I realize though, that it’s not my job to try and feel someone else’s pain. It doesn’t help either of us for me to sit and cry with you: now there’s two of us wallowing about something that still isn’t addressed. In these moments I find myself thinking about the Spectrum of Empathy. While it’s educational to ground yourself in the reality of what others are going through, I’m not sure it’s useful to walk a mile in someone else’s shoes when you could be going to get help instead.
Start with empathy and stop when you reach that threshold between being able to take action versus being overwhelmed. It can take a few tries to define that line for yourself; I’ve been doomscrolling a lot, to a point where any intention of action (oh lemme call my senator, sign a petition, support a Palestinian artist) gets steamrolled by a charged emotional state.

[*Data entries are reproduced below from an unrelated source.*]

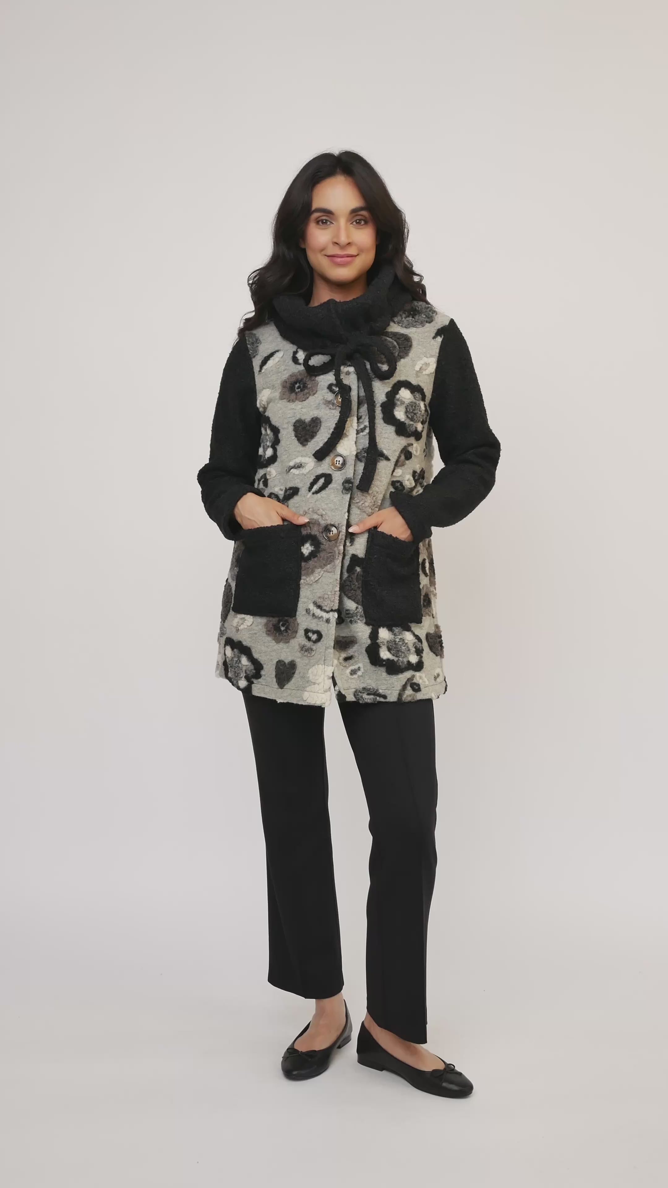 Cette veste en bouclette à broderie florale présente des manches longues et un col châle douillet avec un cordon de serrage amusant. Confectionnée en laine mélangée douce, elle est dotée d'une fermeture boutonnée sur le devant et de poches plaquées pratiques pour plus de charme et de praticité. Confectionnée en Italie par Via Vitale, elle apportera une touche d'élégance à votre garde-robe.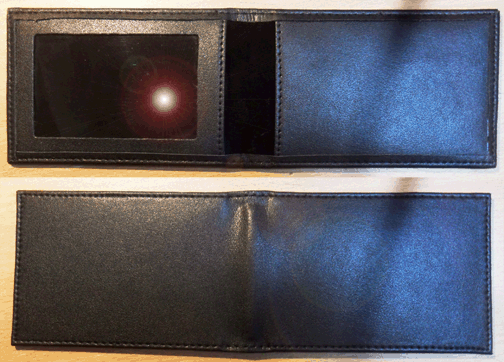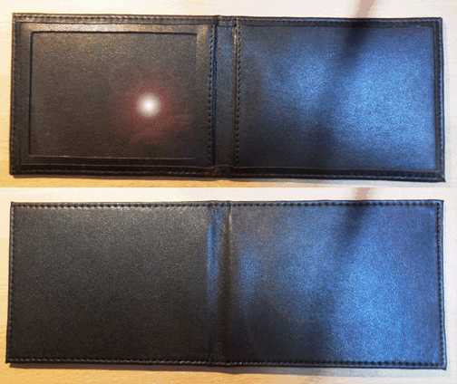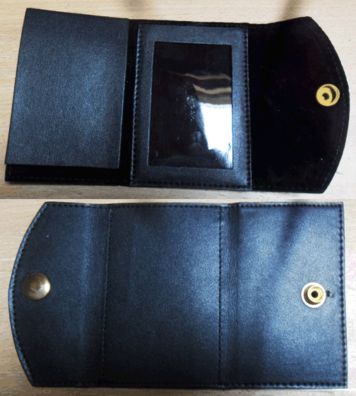 Add cutout and holder to your wallet: - Cutout allows the badge to fit better in the wallet and helps it to stay fixed in place. Our cutouts are made to fit our badges' shape but they may work with other badges too. Due to the anatomy of the above wallets, cutouts are available only for "type 3" and "type 4" wallets. - Badge holder is a rectangular piece of cardboard covered with black syntetic material. It bears holes in different sizes and positions, depending from which type of cutout you selected (this is because badges have attachment pins in different sizes and positions). Badge holder allows you to firmly attach your badge and put it inside the wallet, without having to pin or glue the badge to wallet's fabric. Cutout is a couple of millimeters smaller than actual badge's size, in order to avoid seeing cutout shape. Please keep in mind that those cutouts are not "recessed": badge will not fit deep into them. This is because badge pocket is not thick enough to create a recessed cutout. In these items, cutout only allows badge to be firmly attached to the wallet itself and provide a better appearance: ![]() Comparison between badges pinned directly to wallet (top) and badges attached to holder in a cutout wallet (bottom). Price: 15,00 €
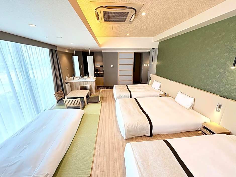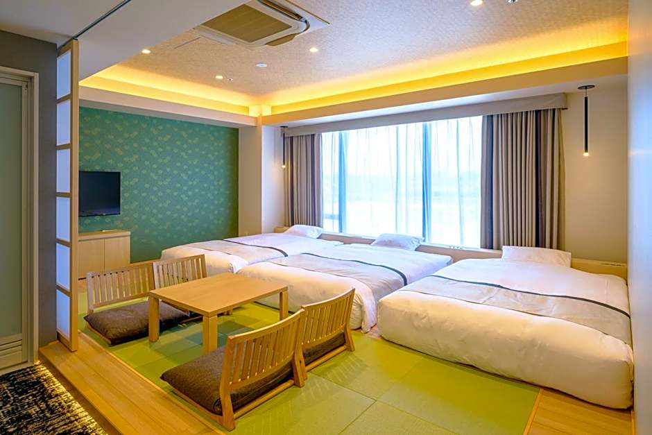 The spacious triple room features air conditioning, tatami, as well as a private bathroom boasting a bath and a bidet. The triple room provides a coffee machine, a wardrobe, a safe deposit box, yukata and a flat-screen TV. The unit has 3 beds.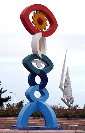 Photo taken on July 30, 2008 shows a sculpture at the Olympic co-host city Qingdao, east China. The sailing events for the Games of the XXIX Olympiad will be held within Qingdao International Sailing Center, the five water areas outside Fushan Bay. A unique blend of sea and mountains makes Qingdao a well-known summer resort. With an average temperature ranging from 20-28 degrees celsius, the period from July through September is the most agreeable season for the tour.[Xinhua]

When I’m overwhelmed, I am not able to act. And when I am not able to act, I am not able to serve my community around me. I have been horrified at how quickly the Palestinian death toll continues to tick past 20,000 people. Instead of trying to feel their pain though, I have been nudging myself to stay in my action zone and urge you to do the same.
Here is one super simple one click way to reach all your elected officials. Done with that? Here are some other advocacy resources.
Toybox
📺 Gripped by the animation and storyline in Blue Eye Samurai. I was so moved by Youn Yuh-jung’s portrayal of older Sunja in Pachinko.
🎧Enjoyed hearing Steven Yuen share how he arrived at that emotional church singing scene, and how Michael Imperioli approached his White Lotus role with subtlety in the A24 Podcast.
👩🍳Mesmerized by the Hasselback method of cooking butternut squash. And how have I been paying $16 a pop for these easy to dupe Din Tai Fung Green Beans?!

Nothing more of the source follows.